Extracted material Block Start

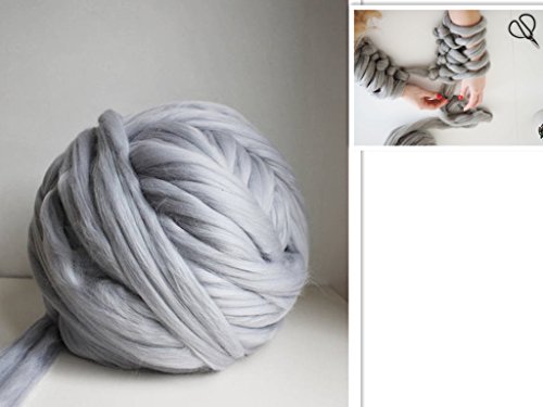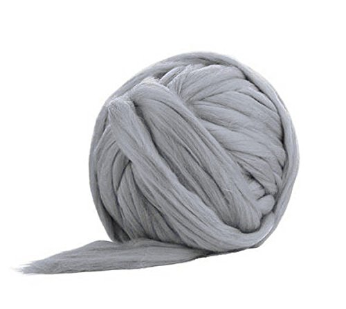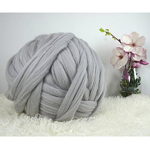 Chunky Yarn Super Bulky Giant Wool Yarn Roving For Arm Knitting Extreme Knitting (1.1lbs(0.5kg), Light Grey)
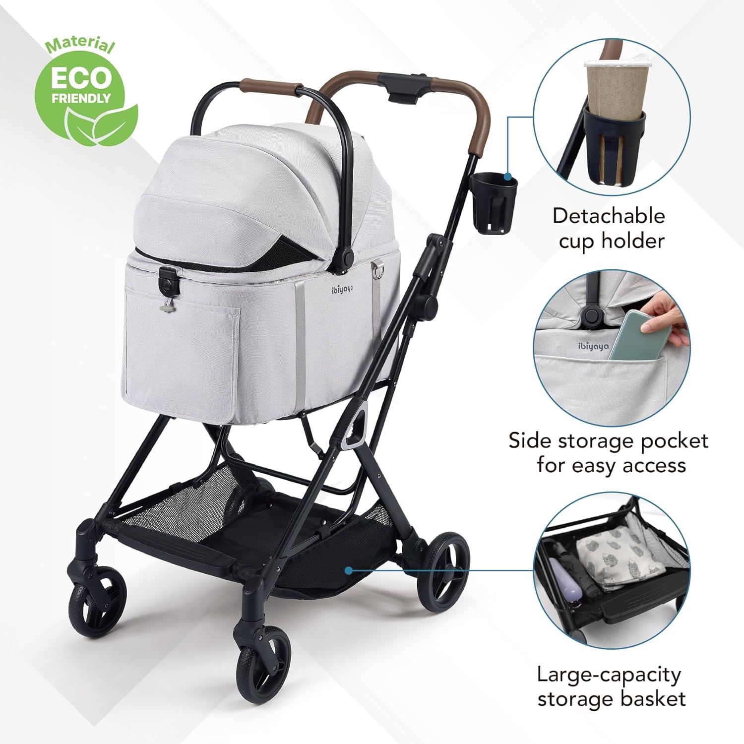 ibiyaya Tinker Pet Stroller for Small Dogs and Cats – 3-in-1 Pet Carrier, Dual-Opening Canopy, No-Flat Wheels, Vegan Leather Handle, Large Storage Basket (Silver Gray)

Extracted material Block End
Extracted material Block Start

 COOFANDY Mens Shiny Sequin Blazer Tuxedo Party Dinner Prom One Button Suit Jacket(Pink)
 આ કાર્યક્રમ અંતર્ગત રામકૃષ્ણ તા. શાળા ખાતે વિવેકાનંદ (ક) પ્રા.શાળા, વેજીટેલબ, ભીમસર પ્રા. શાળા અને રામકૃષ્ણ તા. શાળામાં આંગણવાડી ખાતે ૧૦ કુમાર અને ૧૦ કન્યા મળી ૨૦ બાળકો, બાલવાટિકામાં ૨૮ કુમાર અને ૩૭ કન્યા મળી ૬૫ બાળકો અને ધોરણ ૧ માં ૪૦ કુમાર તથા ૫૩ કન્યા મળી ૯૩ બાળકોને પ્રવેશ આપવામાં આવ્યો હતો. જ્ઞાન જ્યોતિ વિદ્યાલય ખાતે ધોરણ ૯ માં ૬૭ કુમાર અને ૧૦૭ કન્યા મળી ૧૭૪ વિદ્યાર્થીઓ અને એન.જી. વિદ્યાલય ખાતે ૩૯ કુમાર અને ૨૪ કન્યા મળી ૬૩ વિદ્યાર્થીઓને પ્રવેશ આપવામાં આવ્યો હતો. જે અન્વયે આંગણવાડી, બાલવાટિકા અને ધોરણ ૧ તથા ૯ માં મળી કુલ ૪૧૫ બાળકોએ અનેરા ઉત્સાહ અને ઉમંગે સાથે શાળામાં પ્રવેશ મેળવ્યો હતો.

Extracted material Block End
Extracted material Block Start

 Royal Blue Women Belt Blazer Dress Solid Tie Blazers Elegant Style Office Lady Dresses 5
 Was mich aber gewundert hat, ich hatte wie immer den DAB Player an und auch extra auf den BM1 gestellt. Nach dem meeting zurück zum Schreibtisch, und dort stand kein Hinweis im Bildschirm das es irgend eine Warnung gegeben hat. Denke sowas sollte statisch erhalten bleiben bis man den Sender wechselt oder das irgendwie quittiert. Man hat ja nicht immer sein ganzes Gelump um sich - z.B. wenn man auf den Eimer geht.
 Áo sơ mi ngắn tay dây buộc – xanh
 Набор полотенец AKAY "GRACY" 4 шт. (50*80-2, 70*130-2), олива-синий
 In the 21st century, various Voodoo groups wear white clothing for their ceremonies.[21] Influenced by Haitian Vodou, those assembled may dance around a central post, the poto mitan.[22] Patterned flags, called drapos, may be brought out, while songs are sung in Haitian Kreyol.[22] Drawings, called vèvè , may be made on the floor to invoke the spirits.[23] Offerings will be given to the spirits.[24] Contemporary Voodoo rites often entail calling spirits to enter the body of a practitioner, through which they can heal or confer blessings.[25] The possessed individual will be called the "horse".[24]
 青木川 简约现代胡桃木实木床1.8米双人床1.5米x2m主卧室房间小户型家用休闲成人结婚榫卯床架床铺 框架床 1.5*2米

Extracted material Block End

# Goal of the exercise
Only the lines above from the line containing "Áo sơ mi ngắn tay dây buộc – xanh" through the line containing "Набор полотенец AKAY" should be retyped, exactly and with both ends included.

# Reply
 Áo sơ mi ngắn tay dây buộc – xanh
 Набор полотенец AKAY "GRACY" 4 шт. (50*80-2, 70*130-2), олива-синий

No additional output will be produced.